* What you should do:
In the records that follow, find the line containing "Молярная концентрация вещества" and the line containing "Предлагаю из варёной", then transcribe both and every line between them exactly, omitting pictures.

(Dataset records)
= = = = = = =
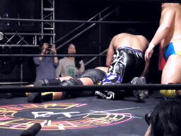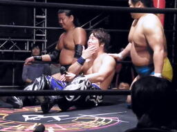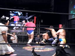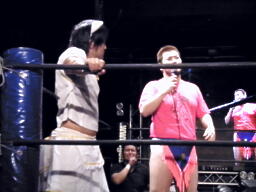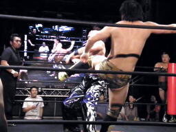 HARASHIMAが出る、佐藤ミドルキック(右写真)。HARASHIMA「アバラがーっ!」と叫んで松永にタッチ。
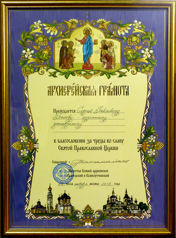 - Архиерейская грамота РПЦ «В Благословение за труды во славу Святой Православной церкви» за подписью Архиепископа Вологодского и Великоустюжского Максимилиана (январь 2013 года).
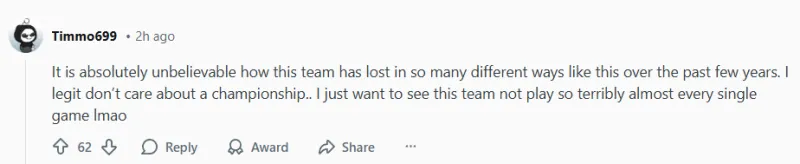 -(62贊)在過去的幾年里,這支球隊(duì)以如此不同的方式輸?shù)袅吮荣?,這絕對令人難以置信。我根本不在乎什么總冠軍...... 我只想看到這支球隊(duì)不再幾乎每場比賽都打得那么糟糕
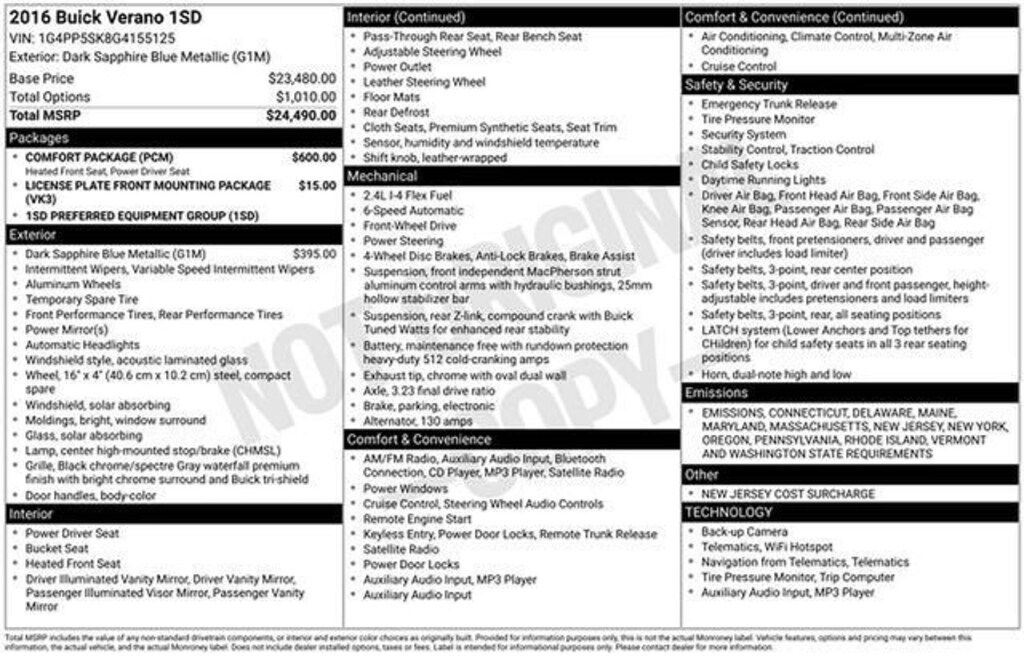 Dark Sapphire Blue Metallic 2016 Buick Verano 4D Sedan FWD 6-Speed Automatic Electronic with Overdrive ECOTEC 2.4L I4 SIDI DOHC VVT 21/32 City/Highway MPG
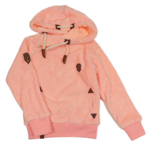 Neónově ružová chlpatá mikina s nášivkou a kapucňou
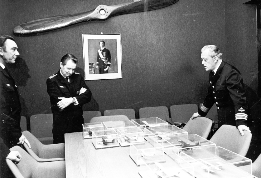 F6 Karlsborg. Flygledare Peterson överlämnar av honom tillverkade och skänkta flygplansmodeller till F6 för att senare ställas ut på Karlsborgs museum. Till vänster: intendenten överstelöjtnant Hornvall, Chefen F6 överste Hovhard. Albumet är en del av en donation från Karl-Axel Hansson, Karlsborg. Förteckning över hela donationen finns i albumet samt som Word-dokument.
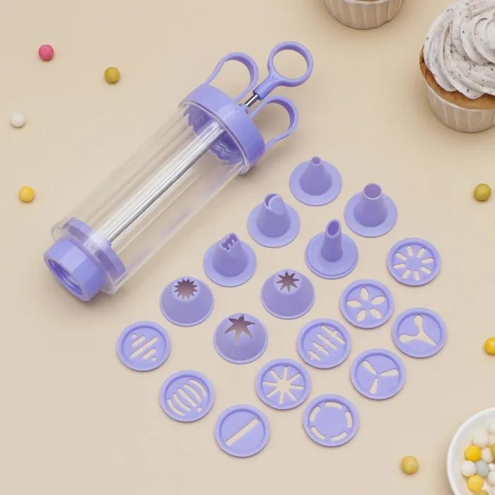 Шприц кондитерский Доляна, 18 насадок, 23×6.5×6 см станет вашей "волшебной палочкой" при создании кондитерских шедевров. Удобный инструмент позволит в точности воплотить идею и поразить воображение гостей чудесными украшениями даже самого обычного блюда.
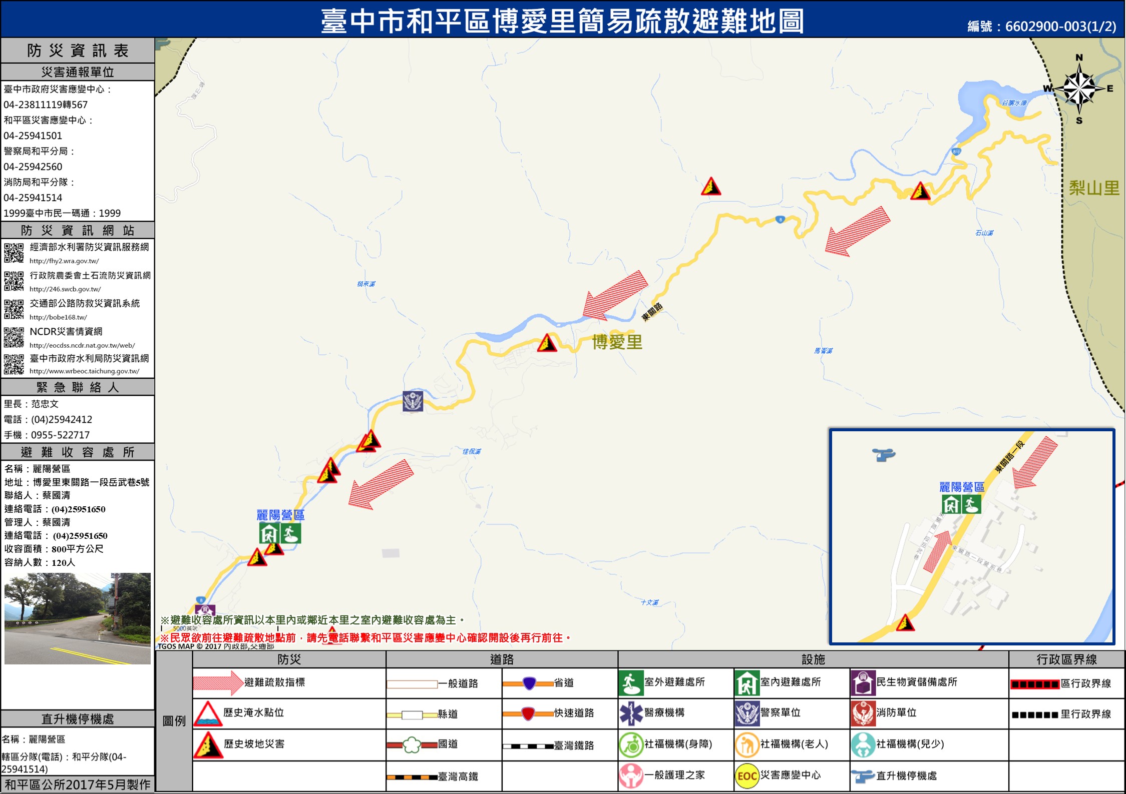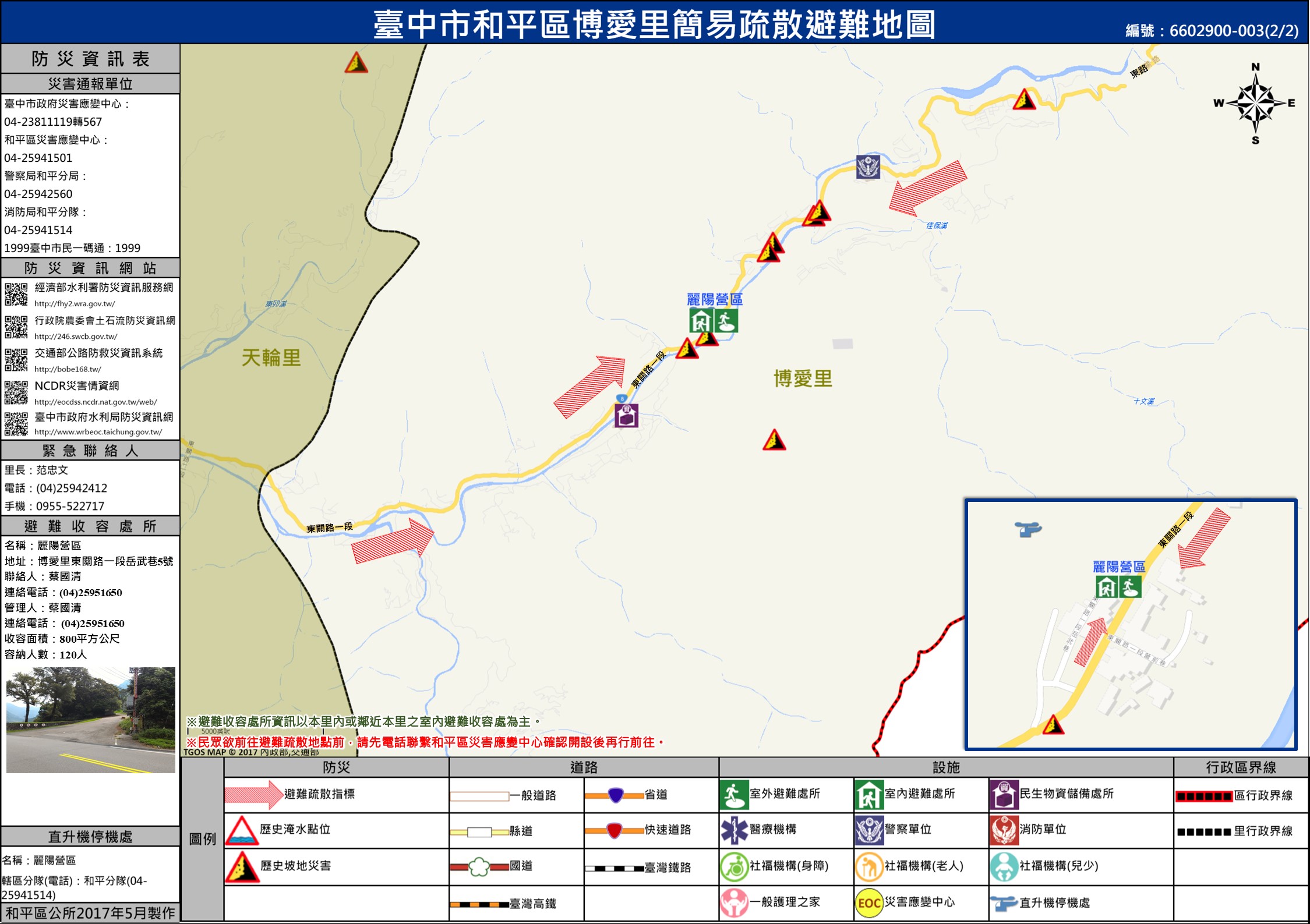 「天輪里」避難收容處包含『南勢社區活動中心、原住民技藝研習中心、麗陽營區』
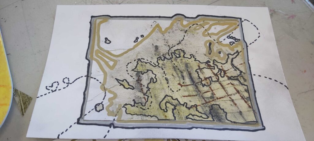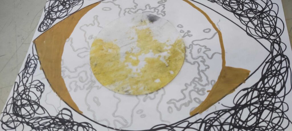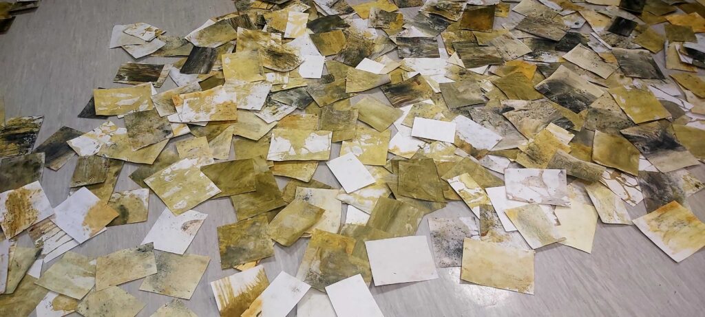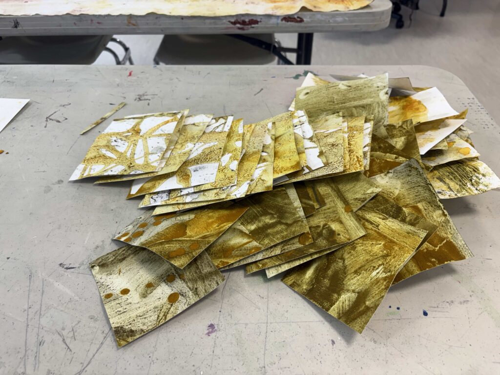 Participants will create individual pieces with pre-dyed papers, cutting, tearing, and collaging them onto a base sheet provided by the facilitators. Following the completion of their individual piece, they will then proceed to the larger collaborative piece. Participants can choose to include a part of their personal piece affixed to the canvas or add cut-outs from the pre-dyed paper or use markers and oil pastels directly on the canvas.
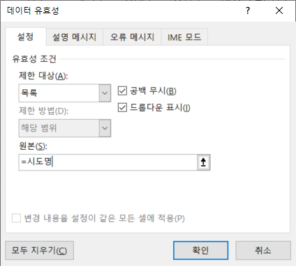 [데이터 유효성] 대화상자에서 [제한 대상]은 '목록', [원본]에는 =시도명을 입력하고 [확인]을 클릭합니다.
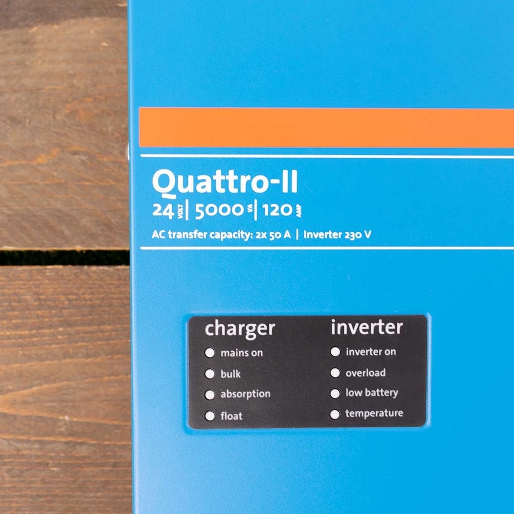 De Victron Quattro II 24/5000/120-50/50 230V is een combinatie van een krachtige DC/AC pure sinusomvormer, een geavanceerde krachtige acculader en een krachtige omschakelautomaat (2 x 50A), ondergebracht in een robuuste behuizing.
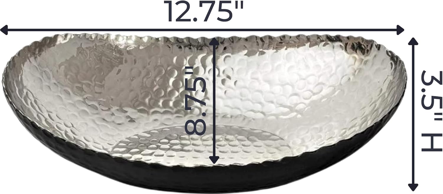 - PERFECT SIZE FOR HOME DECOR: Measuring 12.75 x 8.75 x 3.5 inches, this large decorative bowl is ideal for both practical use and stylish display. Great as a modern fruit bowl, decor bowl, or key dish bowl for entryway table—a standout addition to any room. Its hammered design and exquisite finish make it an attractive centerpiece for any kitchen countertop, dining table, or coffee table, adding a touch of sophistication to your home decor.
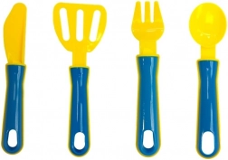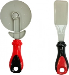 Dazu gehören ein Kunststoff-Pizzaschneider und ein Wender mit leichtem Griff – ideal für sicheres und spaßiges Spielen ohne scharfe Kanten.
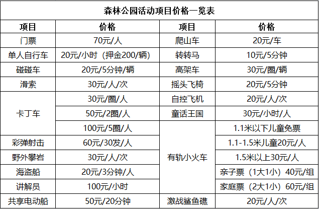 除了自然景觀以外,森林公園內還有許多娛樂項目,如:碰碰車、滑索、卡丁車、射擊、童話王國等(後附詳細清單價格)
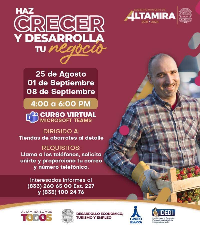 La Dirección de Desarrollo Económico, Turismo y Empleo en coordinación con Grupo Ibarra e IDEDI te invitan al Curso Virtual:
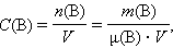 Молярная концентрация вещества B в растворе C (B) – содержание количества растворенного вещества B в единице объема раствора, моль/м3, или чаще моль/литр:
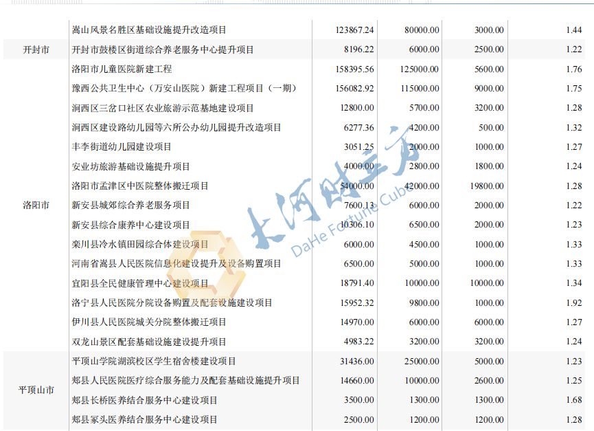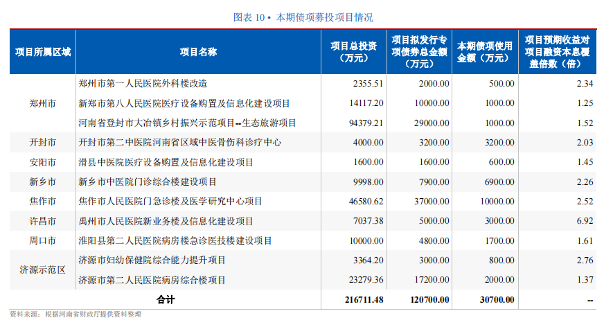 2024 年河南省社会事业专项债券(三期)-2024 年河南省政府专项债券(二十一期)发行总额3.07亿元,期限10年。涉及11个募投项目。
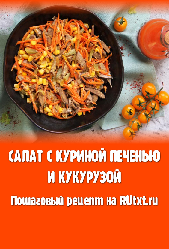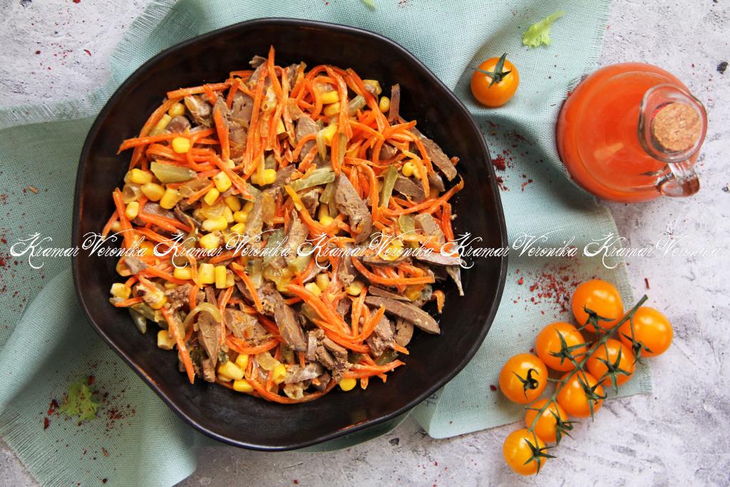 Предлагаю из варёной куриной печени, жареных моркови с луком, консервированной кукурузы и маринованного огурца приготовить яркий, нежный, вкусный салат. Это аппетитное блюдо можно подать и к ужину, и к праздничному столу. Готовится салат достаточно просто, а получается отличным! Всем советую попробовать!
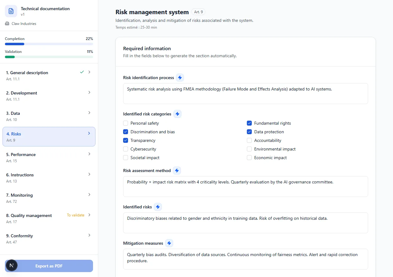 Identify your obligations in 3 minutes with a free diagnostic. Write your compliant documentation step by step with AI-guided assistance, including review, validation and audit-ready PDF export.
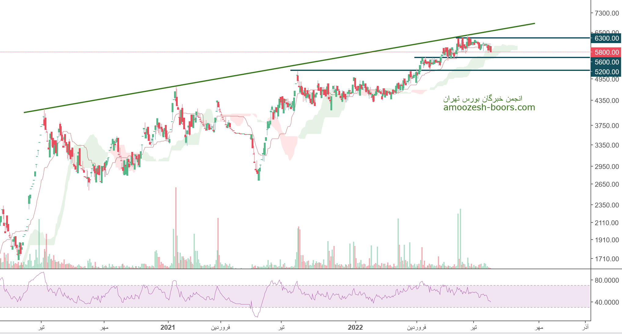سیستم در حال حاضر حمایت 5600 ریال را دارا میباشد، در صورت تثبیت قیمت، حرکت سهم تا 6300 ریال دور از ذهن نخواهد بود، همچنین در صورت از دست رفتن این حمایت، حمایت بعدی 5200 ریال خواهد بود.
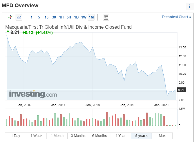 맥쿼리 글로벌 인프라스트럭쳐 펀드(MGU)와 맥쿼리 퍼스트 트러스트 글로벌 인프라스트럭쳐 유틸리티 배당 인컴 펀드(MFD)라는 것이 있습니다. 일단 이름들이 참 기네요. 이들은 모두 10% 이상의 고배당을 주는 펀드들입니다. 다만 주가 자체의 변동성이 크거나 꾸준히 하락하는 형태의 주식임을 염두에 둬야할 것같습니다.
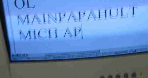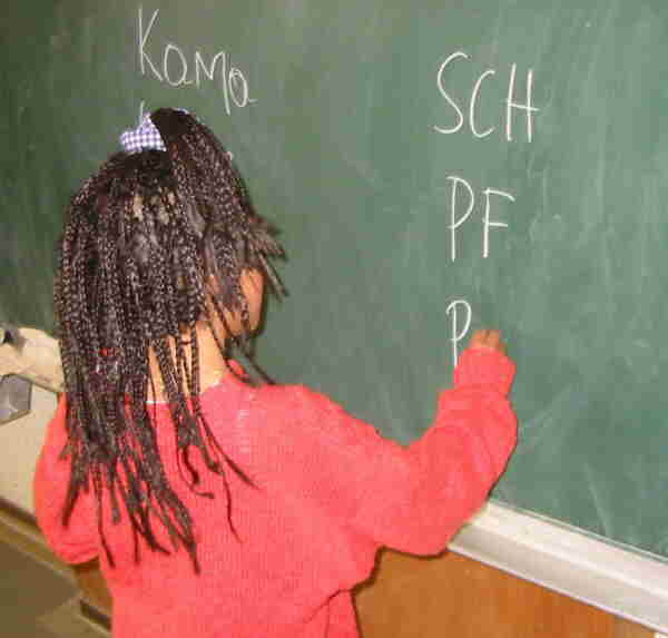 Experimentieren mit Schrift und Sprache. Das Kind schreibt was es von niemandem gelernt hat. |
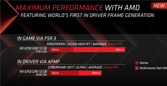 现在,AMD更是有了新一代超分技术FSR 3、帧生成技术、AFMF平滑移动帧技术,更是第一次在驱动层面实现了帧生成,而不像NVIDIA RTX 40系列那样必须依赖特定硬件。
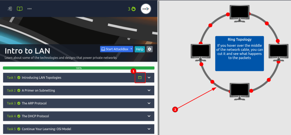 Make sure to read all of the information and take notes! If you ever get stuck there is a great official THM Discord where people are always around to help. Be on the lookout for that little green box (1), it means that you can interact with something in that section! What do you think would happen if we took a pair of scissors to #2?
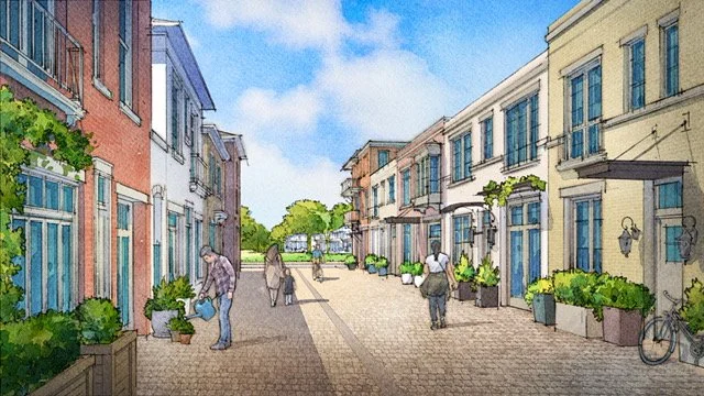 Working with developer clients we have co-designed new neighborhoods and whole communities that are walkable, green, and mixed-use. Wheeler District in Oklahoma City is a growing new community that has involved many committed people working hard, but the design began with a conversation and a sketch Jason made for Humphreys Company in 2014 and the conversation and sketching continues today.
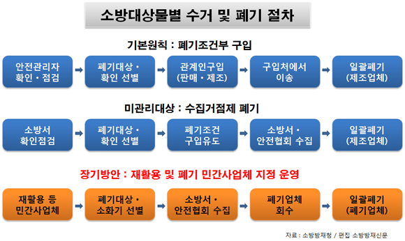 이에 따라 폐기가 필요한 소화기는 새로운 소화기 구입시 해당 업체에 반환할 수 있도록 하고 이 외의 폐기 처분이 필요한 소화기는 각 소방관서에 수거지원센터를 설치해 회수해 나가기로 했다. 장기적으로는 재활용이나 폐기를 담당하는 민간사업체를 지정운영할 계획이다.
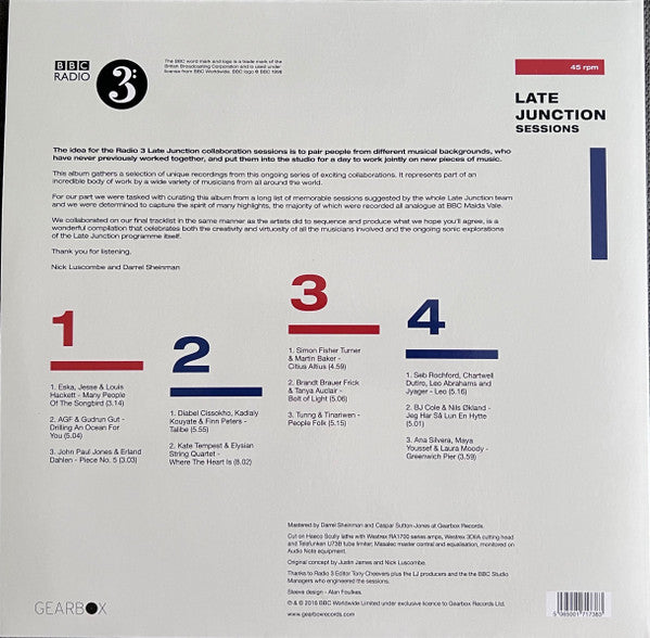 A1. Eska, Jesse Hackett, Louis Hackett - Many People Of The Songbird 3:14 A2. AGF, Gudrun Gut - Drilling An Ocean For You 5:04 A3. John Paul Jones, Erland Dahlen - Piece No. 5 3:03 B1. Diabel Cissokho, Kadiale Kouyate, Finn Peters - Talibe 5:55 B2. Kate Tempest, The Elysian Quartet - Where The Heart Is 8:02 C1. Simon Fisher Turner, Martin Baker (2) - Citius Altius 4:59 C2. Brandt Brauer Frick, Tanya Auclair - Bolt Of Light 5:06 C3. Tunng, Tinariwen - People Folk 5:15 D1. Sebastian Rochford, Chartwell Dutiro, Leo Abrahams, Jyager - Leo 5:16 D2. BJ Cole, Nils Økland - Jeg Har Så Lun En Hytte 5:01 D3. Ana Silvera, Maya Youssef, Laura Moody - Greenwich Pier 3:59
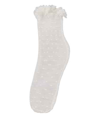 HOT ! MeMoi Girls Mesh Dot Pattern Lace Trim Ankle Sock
= = = = = = =
* Task response:
 Молярная концентрация вещества B в растворе C (B) – содержание количества растворенного вещества B в единице объема раствора, моль/м3, или чаще моль/литр:
 2024 年河南省社会事业专项债券(三期)-2024 年河南省政府专项债券(二十一期)发行总额3.07亿元,期限10年。涉及11个募投项目。
 Предлагаю из варёной куриной печени, жареных моркови с луком, консервированной кукурузы и маринованного огурца приготовить яркий, нежный, вкусный салат. Это аппетитное блюдо можно подать и к ужину, и к праздничному столу. Готовится салат достаточно просто, а получается отличным! Всем советую попробовать!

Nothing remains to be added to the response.